The severe head injuries to ABC anchor Bob Woodruff and his cameraman, Doug Vogt, exposed one of the signature wounds of the Iraq war — traumatic brain injury, mostly from roadside bombs.

A new generation of severely wounded veterans is now emerging among us, their brains battered, their arms and legs blown off. Many would have died in earlier wars but survived in Iraq thanks to better battlefield medicine.

Correspondent Mike Wallace talks to some of the most resilient of these veterans, who now must plan a future completely different from the one they had expected when they signed up.



Melissa Stockwell always wanted to be a soldier. But living out her dream meant patrolling in Iraq in Humvees, with no armor and no doors.

While on patrol, a roadside bomb blew off Melissa's left leg.

"It didn't register that my leg was gone. I just saw blood on my leg. So I said, 'I'm hurt. Something happened to my leg. I think I'm hurt,'" she remembers.

Melissa says her leg felt as if it was burning. When a tourniquet was put on to stop the bleeding, she says she really felt the pain. "And that's also when I kinda thought to myself, 'OK, maybe something's really wrong,'" she says.

Her husband arrived while she was undergoing surgery.. He was also a soldier serving in Iraq.

"I looked at him and I said, 'I think something happened to my leg.' And he just held my hand and he said, 'It's gone. Your leg is gone,'" Melissa recalls. "And that's when I found out."

That was also when she realized she couldn't be a soldier anymore.

"And you wonder, 'Like what's my life gonna be like now?'" Melissa says. "Every amputee at one point or another has to make a decision. Do you live in the past and wonder why me and all that kinda thing? Or do you just accept it and move on? And I think I accepted it really early on, that I'm not gonna get my leg back. So I'm just gonna go on."

Melissa is full of enthusiasm for her country, her life … and now, her new leg.

Her prosthetic leg goes all the way up to her hip. Getting her new leg helped Melissa find a new calling: She is studying to be a prosthetist, to help other amputees.

"So when someone first gets injured and loses a limb, they'll come into my office and I will fit them for their prosthetic arm or leg, whatever it may be," she says. "Before I got hurt, I didn't even know what a prosthetist was."

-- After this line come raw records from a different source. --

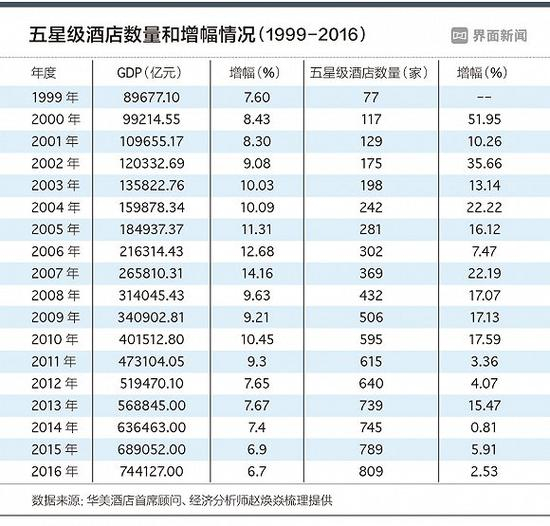 与此同时,从1999年到2016年,全国五星级酒店数量增长了10倍,达到809家,其中增长最为迅速的时期在2010年之前。每隔两三年,都出现一个五星级酒店数量增长的高潮。行业研究认为,国内生产总值上升1%,酒店业市场可以上升0.914%。而数据统计显示,从1999年起,除2006年、2011年、2012年、2014年至2016年,其余年份国内五星级酒店的增长速度都超过国内GDP增速。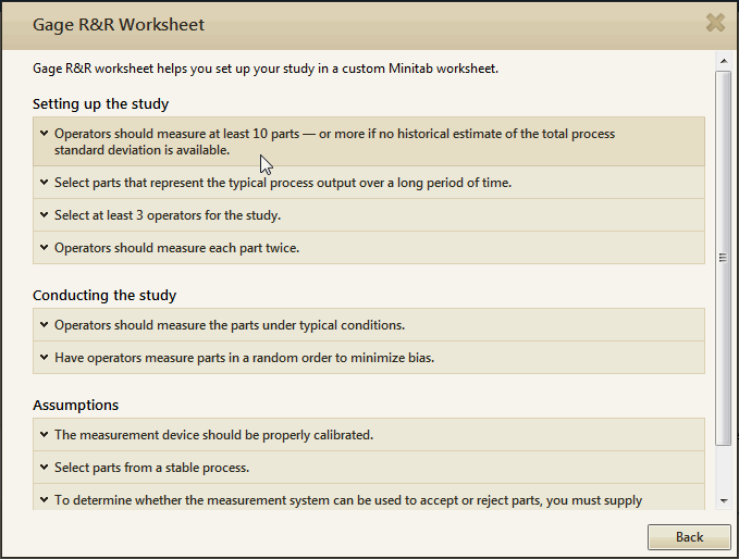 If you're not sure about what you need to do in a gage R&R, clicking the more... link gives you requirements, assumptions, and guidelines to follow: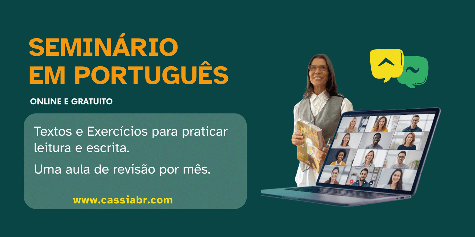 Sou a Cássia Maldonado, por mais de 5 anos tenho enviado, gratuitamente, texto e exercícios, para você superar as barreiras que te impendem conversar em português.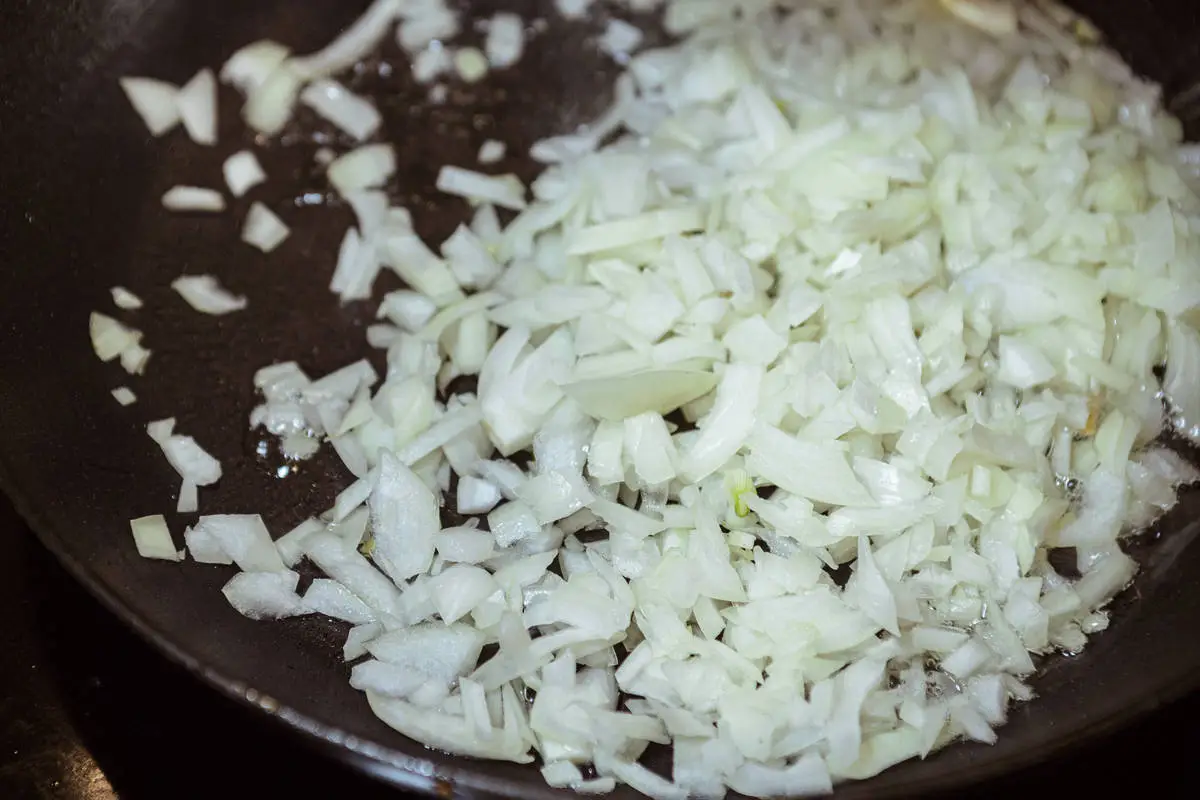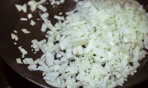 Лук и чеснок мелко нарежьте и обжарьте на растительном масле.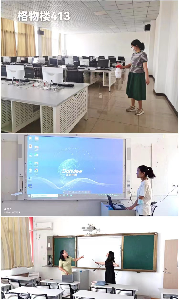 组织海立方娱乐城 教师,将格物楼2至5楼教室进行消杀、清查桌椅、调试投影、检修机房等工作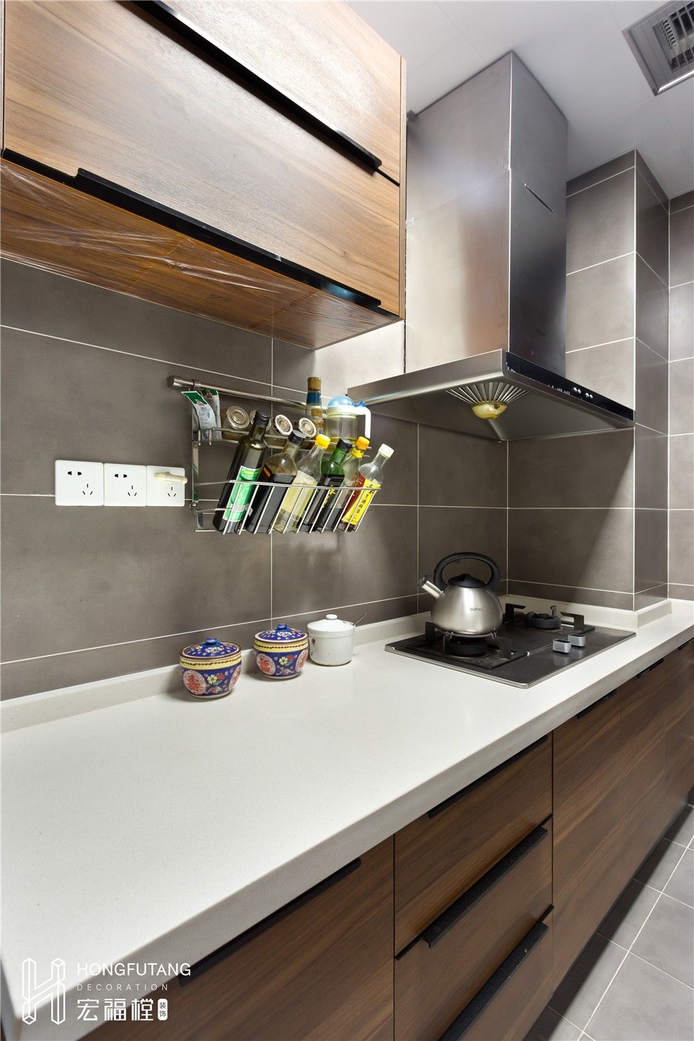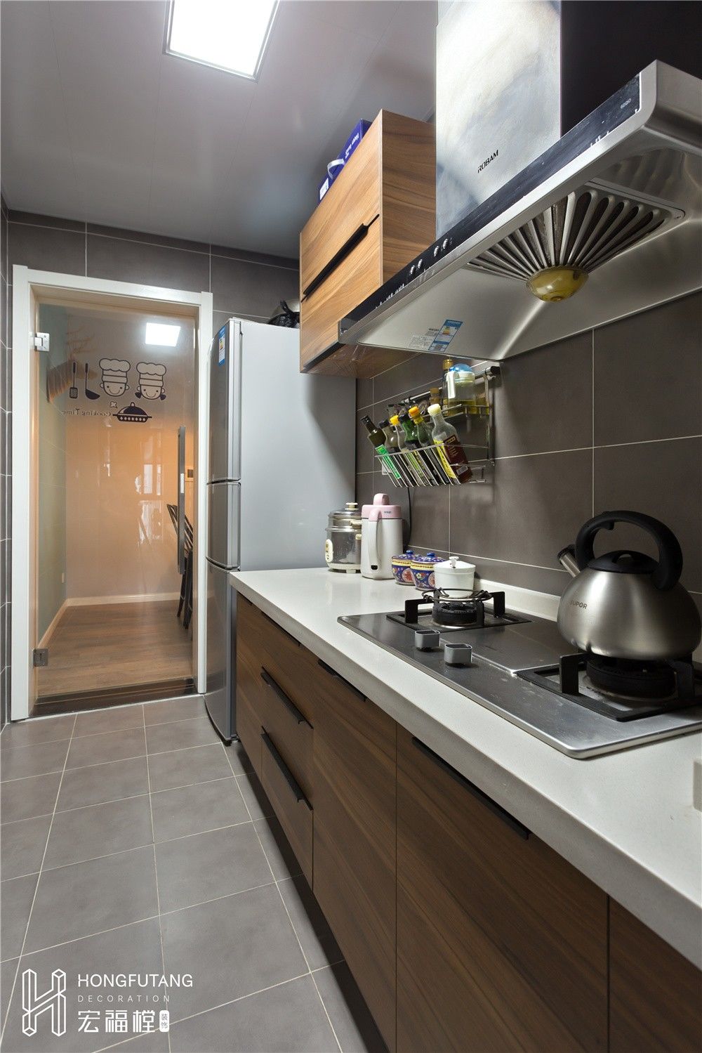 设计师根据厨房原本户型,设计一字型橱柜,利用棕色搭配白色大理石台面,使得狭小的空间更有层次感和递进感;厨房原本采光窗户所在墙面拆除,做成由厨房通往生活阳台的门,增加厨房通风采光效果,扩大了厨房的使用面积;原户型中从客厅通往生活阳台的门改造成洗手池,使得生活阳台的户型更为方正,也为生活阳台的使用提供了更宽阔的空间。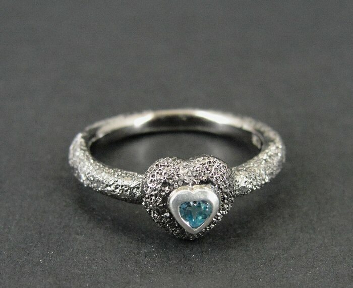 Ring Silver Blue Heart Stone Darkened Textured Sterling 925 Size 9 Band Ring

Melissa says she now hopes to inspire other amputees. "You're a soldier, you get injured and your life doesn't end. You can have a prosthetic leg. And you can get up every day, put your leg on, have a normal day."

"Normal" for Melissa means swimming five days a week. Many amputees stay active to prove to themselves that losing a limb cannot hold them back.

Another vet, Brian Neuman, lost his left arm in Iraq. This winter he learned how to snowboard. A year ago he was leading his unit in a battle in Fallujah when he was hit by a rocket-propelled grenade.

"It hit me basically right at my left elbow. It took my arm completely, right off. I got out of the vehicle, holding my left arm in my right hand," Brian remembers. "I got out running with my arm in my hand. And when something like this happens, you know that you have about a minute of just dust and light and heat. And you know your brain goes through, 'OK. Something hit us.' And then you say, 'I'm alive.'"

Medics raced Brian to the hospital, where he had to face the fact that his special ops days were over.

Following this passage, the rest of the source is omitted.